Lindsey Dryden is an award-winning British director and producer. A Goldsmiths graduate, she specialises in telling intimate and unexpected stories about the body and the arts.
Her work has shown at over 30 festivals worldwide, including SXSW, True/False, Sheffield Doc/Fest and the Film Society Of Lincoln Center’s ‘Art Of The Real’, and screened in Picturehouse Cinemas.
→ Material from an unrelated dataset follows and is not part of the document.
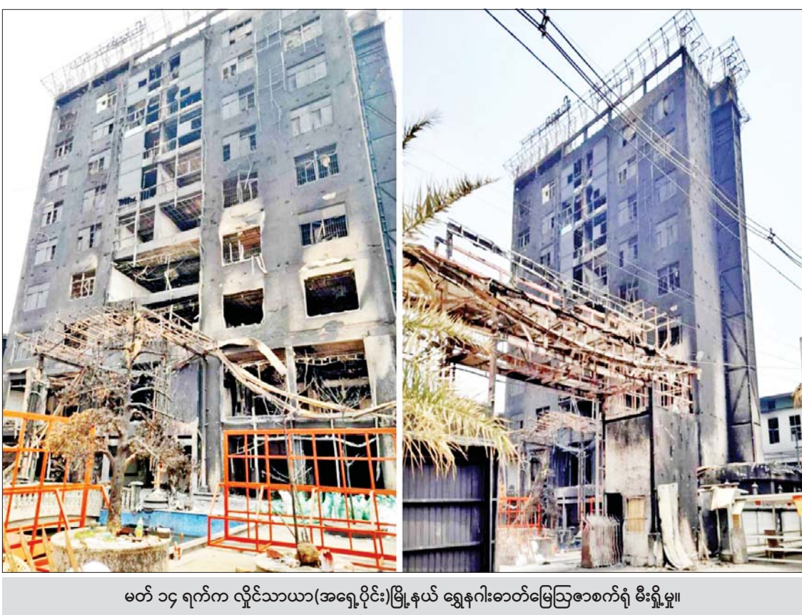
မတ် ၁၄ ရက်က လှိုင်သာယာ(အရှေ့ပိုင်း)မြို့နယ် ရွှေနဂါးဓာတ်မြေဩဇာစက်ရုံ မီးရှို့မှု။

With a background in TV documentary (Channel 4, BBC, History Channel, Current TV), Lindsey directed her first feature documentary LOST AND SOUND in 2012. It follows three musicians who have lost their hearing as they try to rediscover music, and premiered at SXSW, with nominations for Best Emerging UK Filmmaker (Open City Docs) and Best Female-Directed Film (Sheffield Doc/Fest). Lindsey has been Filmmaker-In-Residence at Jacob Burns Film Center in NY, and is a Sundance Fellow. She was nominated Best Producer at Underwire Festival for her work with Michael Powell Award winner Joanna Coates, and is a member of the Queer Producers Collective. She is currently directing a feature documentary about an iconic queer jazz musician, producing feature documentary CANARY IN A COAL MINE (Sundance, Chicken & Egg, Good Pitch), and making art films with the Tate in London.
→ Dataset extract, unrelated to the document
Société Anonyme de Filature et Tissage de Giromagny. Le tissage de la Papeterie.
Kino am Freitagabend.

Dryden founded Little By Little Films (UK), a small independent production company that's fiercely committed to ethical filmmaking, and to creative and forward-thinking indie storytelling and bespoke distribution. Recent projects include LITTLE ONES, a short doc by Joanna Coates and funded by Film London and Kevin Spacey Foundation; producing outreach on ANGELS AND GHOSTS, an award-winning short animation about mental health narrated by Oscar nominated actress Samantha Morton; and directing and producing a short about 70s feminist artist Alexis Hunter.
DocGeeks say Dryden makes "formidable and innovative uses of the documentary format to provide a unique insight into the human condition," – and that's how she aims to continue.